Wasilk’s introduction to the war was at a place dubbed “Hamburger Hill.”

“As soon as I got in country, we were supposed to be orientated for five days as to what was expected,” he said. “After two days and one night’s sleep, the next day we were on a C-130.”

The battle at “Hamburger Hill,” also called Hill 937, began on May 11, 1969. Located in the A Shau Valley, about a mile from the Laos border, American troops had taken the hill as part of Operation Apache Snow. Well-entrenched North Vietnamese troops repulsed the initial attack and a fierce, 10-day battle ensued. On May 20, in the 11th attack, American troops finally fought their way to the summit.

“I had never seen so many dead people in my life,” Wasilk recalled. “That was when I knew: this is war and this is hell. We came off that hill and when we came down to the fire base there were 86 body bags stretched out there.”

Nothing in training or orientation had come close to preparing Wasilk for the reality of the war.

“They didn’t tell us nothing, nothing at all,” he said.

His upbringing on a dairy farm in the northeastern corner of South Dakota did help him cope with the harsh realities he faced in Vietnam, though.

“We were dairy farmers and milked about 25 cows. At that time, 25 was a big herd, you know. I had a home bringing up of hard work: we worked and we weren’t immune from nothing. You worked and that’s how it was.”

While Wasilk faced plenty of terrible things while serving in Vietnam, he said he tries to always think about the good parts of his experience, not the bad parts.

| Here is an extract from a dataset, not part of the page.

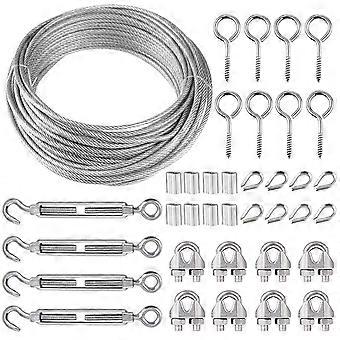 حبل سلكي 20 م 3 مم ، مجموعة حبل أسلاك الفولاذ المقاوم للصدأ 20 م ، تعريشة كابل فولاذي بقطر 3 مم مطلي ، كابل فولاذي مع ثقوب ، حبل مشبك M5

“It’s better and easier that way,” he said. “It was something that we had to do. For all the hell I went through, still I wouldn’t trade my service time for nothing.”

Wasilk served his first tour in Vietnam as an infantryman and the second as a helicopter door gunner.

“If my folks had only known what I was doing, ma would have never slept a day,” he said. “We just never wrote everything about what we did.”

Wasilk’s father wrote him about once a month.

“He was quite a writer, he wrote everything with no periods,” Wayne said. “He was proud of his boys. He’d be in Grenville drinking beer, and tell everyone, ‘Our boys are over there doing what they do best: raising hell.’ He didn’t know it was with an M60 machine gun, it wasn’t in a bar. We didn’t dare write nothing about the bad experiences.”

Wayne’s brother Ted was drafted around the time Wayne’s first tour was ending.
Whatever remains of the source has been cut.